Dali’s was a very busy life, and there were crowds of characters in his Unconscious. We met his friend Louise, a woman who spent a lot of time as his companion and it seems was genuinely concerned for the artist’s wellbeing. Summer Tewkesbury played Louise, though she also gave us Miranda, Anna, a Butterfly, and even an Idea – (just imagine how that role is going to look on Tewksbury’s CV …)

Busy life – busy show. Director Murray Hecht gave us an imaginative rendering of Tim Coakley’s writing. As well as some very atmospheric lighting effects, there were movement sequences, using lengths of silk to twine sinuously round the dancers as they swayed and spun. One amazing episode had the characters wearing bizarrely coloured masks, angular-featured like in a cubist painting…

All the actors played multiple characters from Dali’s unconscious – we met the full gamut, from Mussolini and George Orwell to Dali’s mother and Zizi De La Zagaleta. a constantly changing parade of characters (these people are quick-change artists as well as actors)  In an unsettling scene, Hamilton Wilson became Dali’s dark Shadow, mirroring the artist’s movements as if in a large looking glass, and eventually stretching up to become taller, monstrous, while Dali himself shrank, on the other side of the glass …

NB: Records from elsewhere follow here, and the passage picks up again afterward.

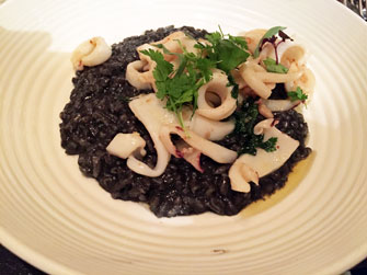 my richly satisfying squid-ink risotto topped with tender calamari.
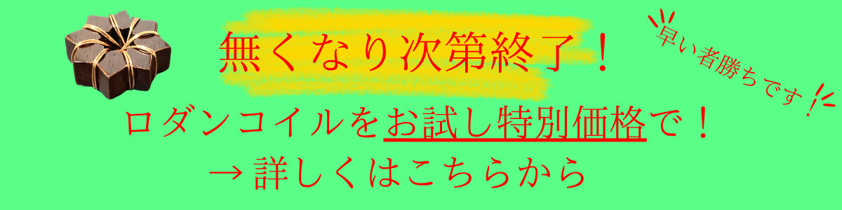 無くなり次第終了の個数限定で、ロダンコイルを送料無料&お試し特別価格にて!
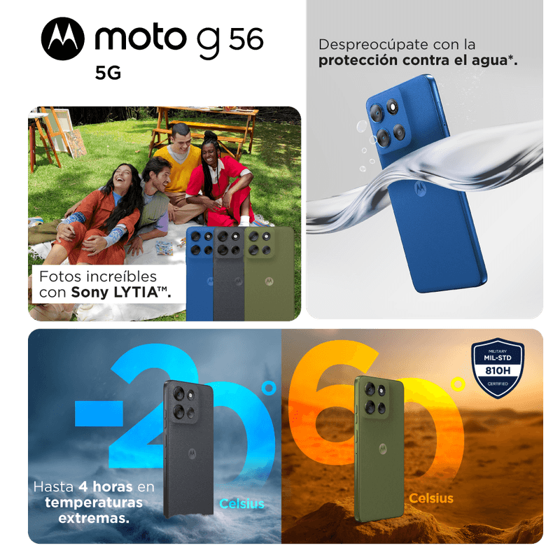 El Moto g56 5G establece un nuevo estándar de robustez en la gama media. Construido para soportar los desafíos de la vida real, cuenta con certificaciones IP68 e IP69 contra agua y polvo, además de cumplir con estándares militares MIL-STD-810H. Su pantalla está blindada con Corning® Gorilla® Glass 7i, ofreciendo el doble de resistencia ante caídas y rayones, todo envuelto en un acabado sofisticado (disponible en PANTONE Dazzling Blue o Gris).
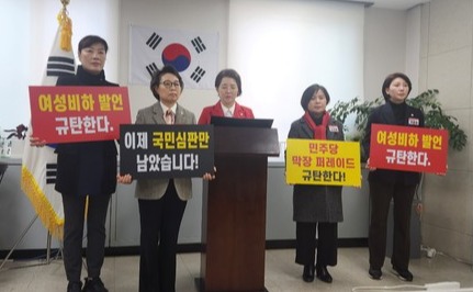 그동안 민주당 혁신위원장은 노인을 폄하했고 민주당은 청년을 보는 편협하고 비뚤어진 시선이 고스란히 담긴 현수막을 내걸더니 이번에는 여성 비하 망언까지 막말 퍼레이드가 끊이지 않고 있다.
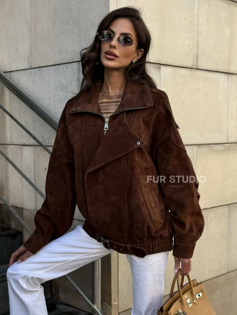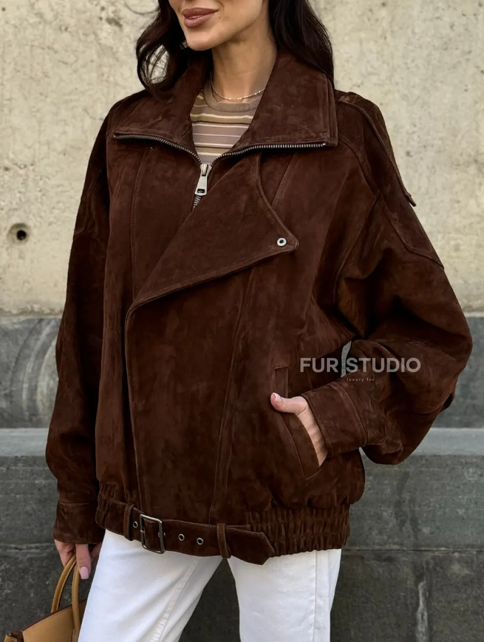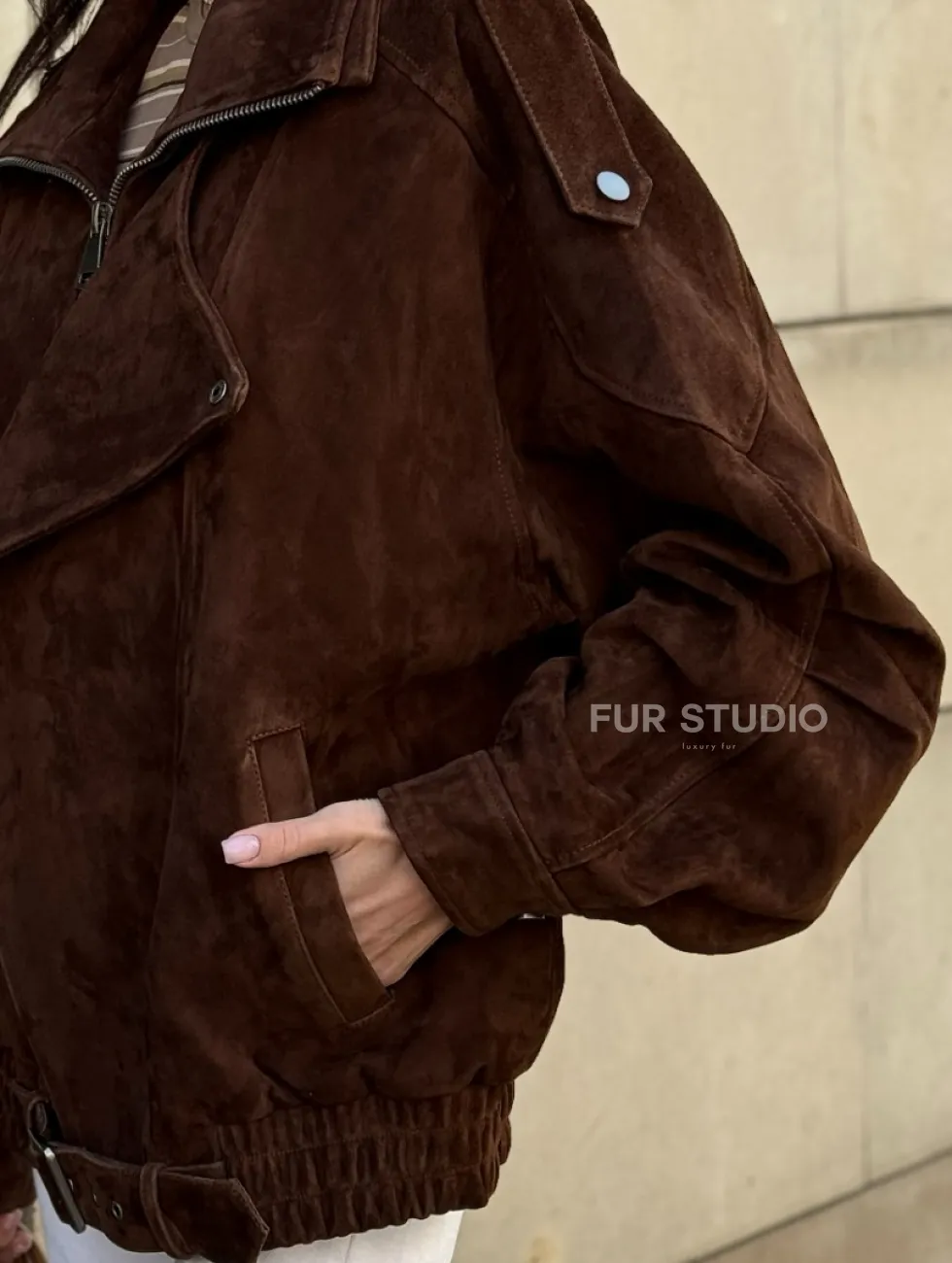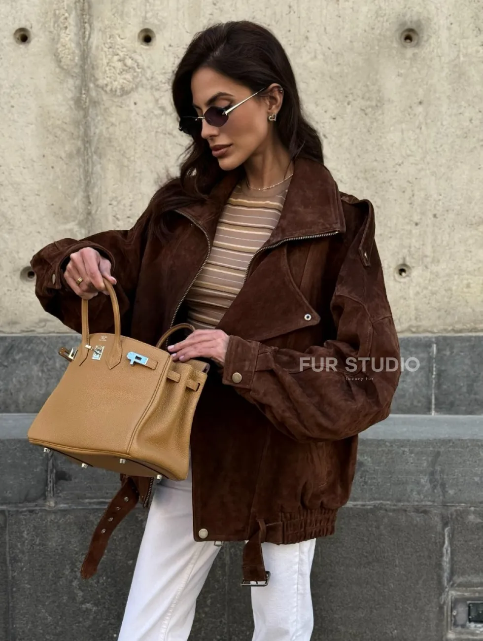 Винтажная куртка - бомбер из замши в коричневом цвете доступна для покупки в нашем шоуруме Furs Studio в Чите, где также предоставляется удобная доставка во все города России.
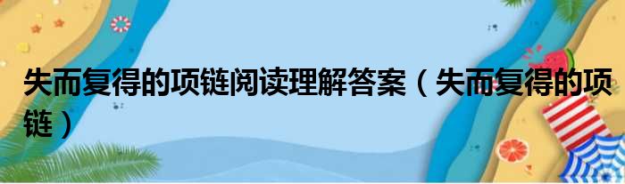 導讀 大家好,小霞來為大家解答以上的問題。失而復得的項鏈閱讀理解答案,失而復得的項鏈這個很多人還不知道,現在讓我們一起來看看吧!1、是而復
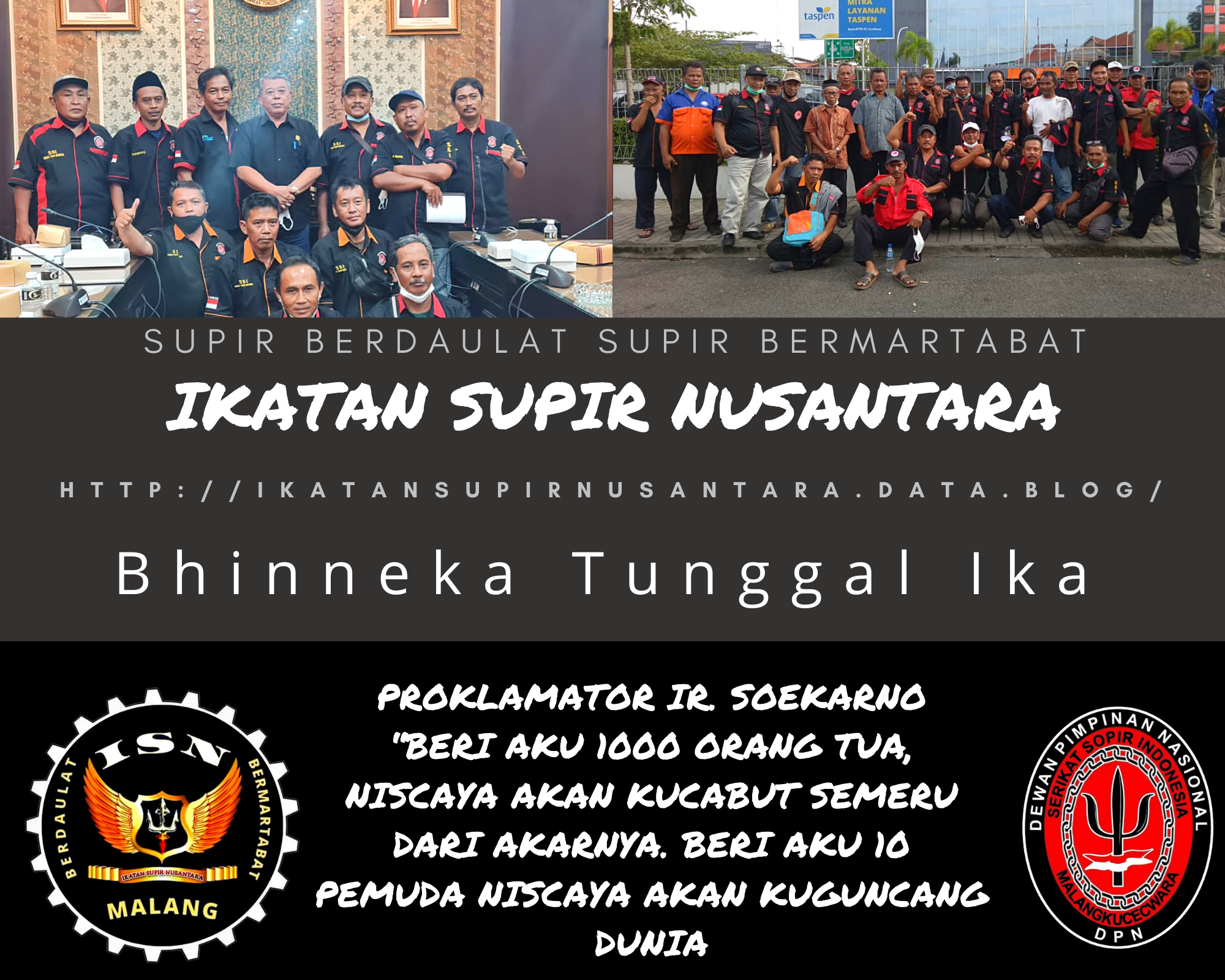 IKATAN SUPIR NUSANTARA merupakan salah satu organisasi pergerakan untuk menjadi inspirasi atau mendorong terbentuknya organisasi-organisasi lainnya
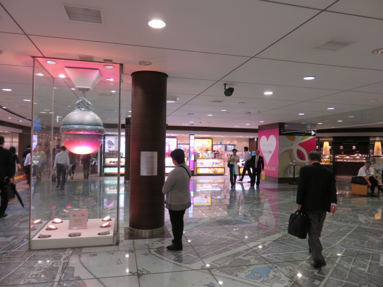 東京駅の八重洲側地下通路の脇にある店舗を一部どけたようなスペースになっていました。オブジェの銀の鈴は 地下通路寄りに配置され、ガラスケースに入れられ内部照明で綺麗に輝いていました。そこから壁方向に向かって広いスペースに椅子が配列されていました。待ち合わせスペースなので人が一杯座っていました。個人的には手前にある「びゅうスクエア」の方が使い勝手が良い気がします。
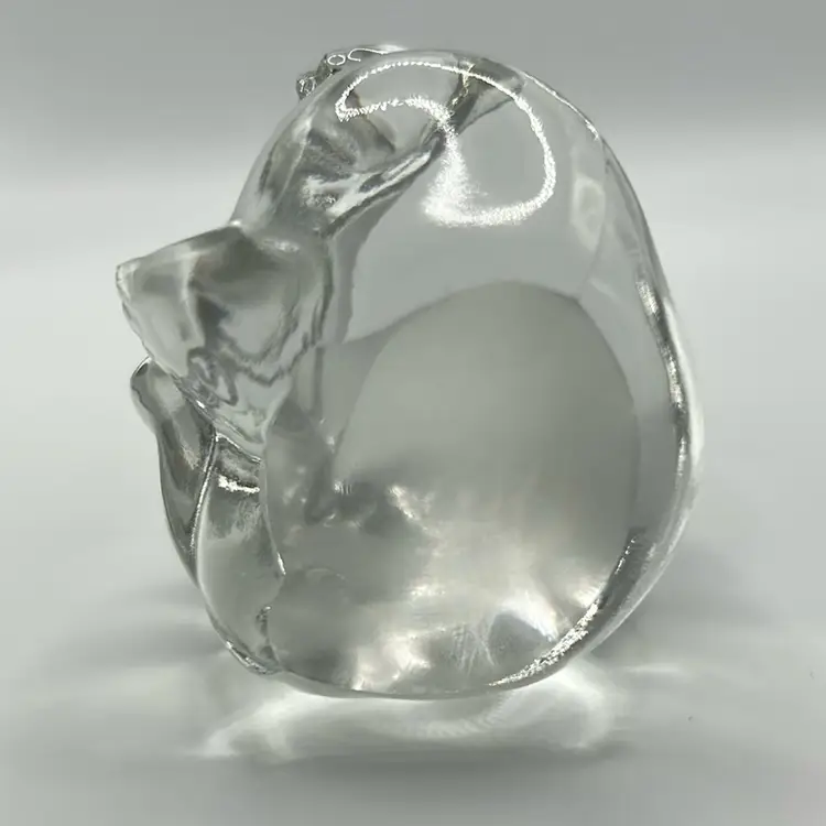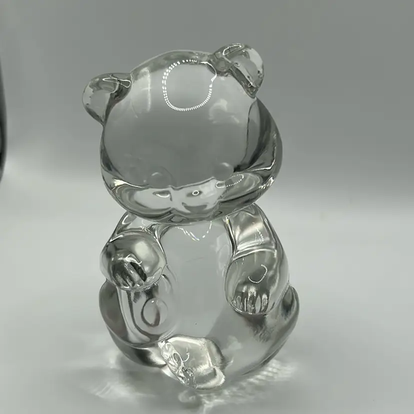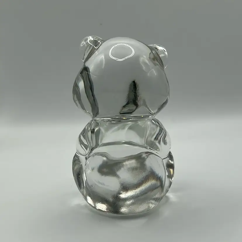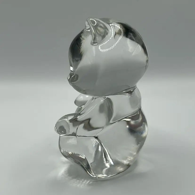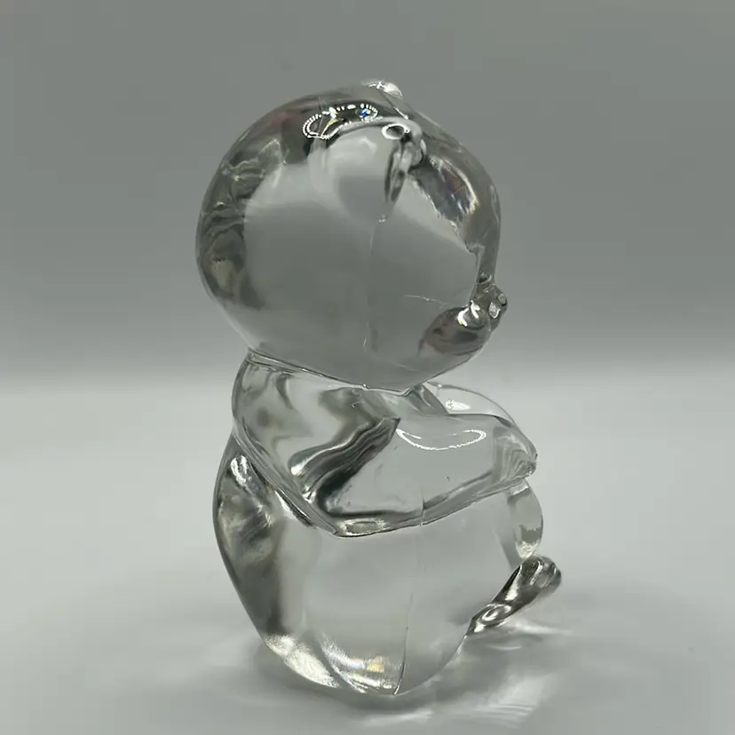 This piece is a Fenton art glass teddy bear made from clear glass. It stands 3 inches tall and two. And a half inches wide there are no condition issues.

There were also fleeting manifestations of Federico Garcia Lorca. The poet and the artist had been close friends – a strange combination: the left-wing poet and playwright (he was murdered by the Fascists during the Spanish Civil War) and the Monarchist, Franco-supporting Surrealist. Joshua Davey played Lorca (thankfully without the Babou pelt …)

Lorca was gay, but there’s no evidence that the two men ever had a relationship. He’s in Dali’s unconscious mind though – a very important presence. At the end, it’s he who reveals to Dali just what’s actually been going on during the show.   Something really profound, and Lorca’s contribution is crucial – but I’m not going to reveal it to you.

You’ll just have to see this surreal production for yourselves.